→ **Exercise prompt**:
Reproduce the whole listing exactly and let no picture into the copy.

→ **The data**:
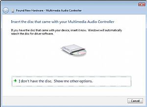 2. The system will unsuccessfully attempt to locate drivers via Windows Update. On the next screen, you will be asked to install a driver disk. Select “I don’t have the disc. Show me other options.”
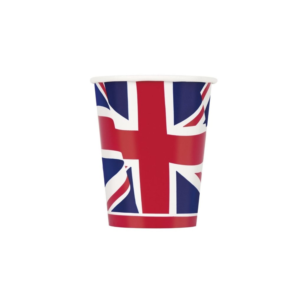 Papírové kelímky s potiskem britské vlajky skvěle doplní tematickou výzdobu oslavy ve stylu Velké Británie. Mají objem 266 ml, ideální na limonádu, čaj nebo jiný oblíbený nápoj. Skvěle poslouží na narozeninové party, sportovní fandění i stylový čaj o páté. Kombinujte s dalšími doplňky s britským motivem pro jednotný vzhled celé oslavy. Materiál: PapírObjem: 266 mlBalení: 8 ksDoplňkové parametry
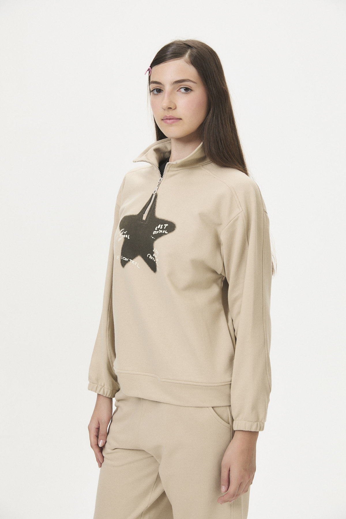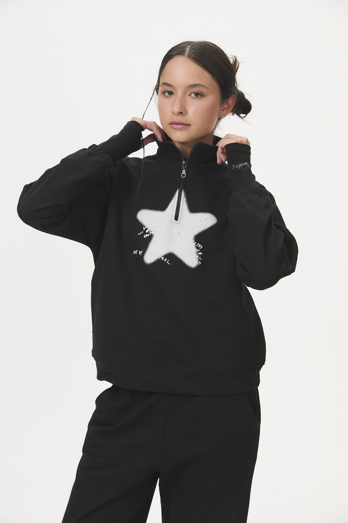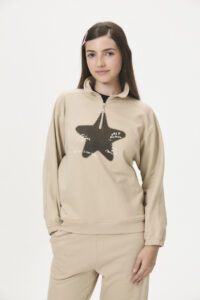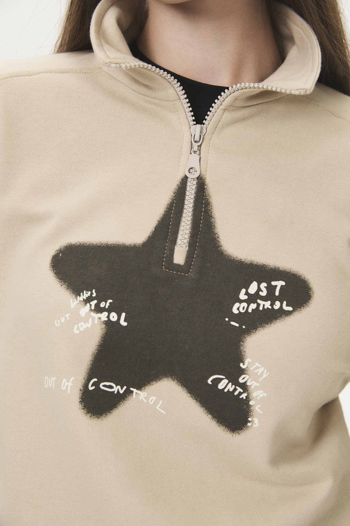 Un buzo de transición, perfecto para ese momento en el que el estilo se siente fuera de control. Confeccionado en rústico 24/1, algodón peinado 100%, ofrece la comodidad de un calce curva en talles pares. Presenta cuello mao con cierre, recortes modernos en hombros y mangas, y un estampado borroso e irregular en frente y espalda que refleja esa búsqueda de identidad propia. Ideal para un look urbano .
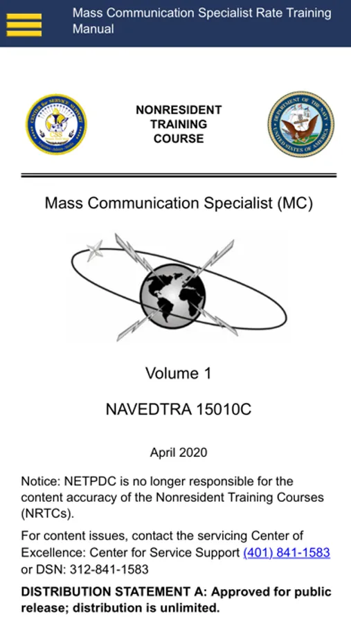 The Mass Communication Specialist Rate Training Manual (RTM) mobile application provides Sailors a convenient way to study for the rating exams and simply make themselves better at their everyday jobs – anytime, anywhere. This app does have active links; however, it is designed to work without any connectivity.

→ **Response**:
 2. The system will unsuccessfully attempt to locate drivers via Windows Update. On the next screen, you will be asked to install a driver disk. Select “I don’t have the disc. Show me other options.”
 Papírové kelímky s potiskem britské vlajky skvěle doplní tematickou výzdobu oslavy ve stylu Velké Británie. Mají objem 266 ml, ideální na limonádu, čaj nebo jiný oblíbený nápoj. Skvěle poslouží na narozeninové party, sportovní fandění i stylový čaj o páté. Kombinujte s dalšími doplňky s britským motivem pro jednotný vzhled celé oslavy. Materiál: PapírObjem: 266 mlBalení: 8 ksDoplňkové parametry
 Un buzo de transición, perfecto para ese momento en el que el estilo se siente fuera de control. Confeccionado en rústico 24/1, algodón peinado 100%, ofrece la comodidad de un calce curva en talles pares. Presenta cuello mao con cierre, recortes modernos en hombros y mangas, y un estampado borroso e irregular en frente y espalda que refleja esa búsqueda de identidad propia. Ideal para un look urbano .
 The Mass Communication Specialist Rate Training Manual (RTM) mobile application provides Sailors a convenient way to study for the rating exams and simply make themselves better at their everyday jobs – anytime, anywhere. This app does have active links; however, it is designed to work without any connectivity.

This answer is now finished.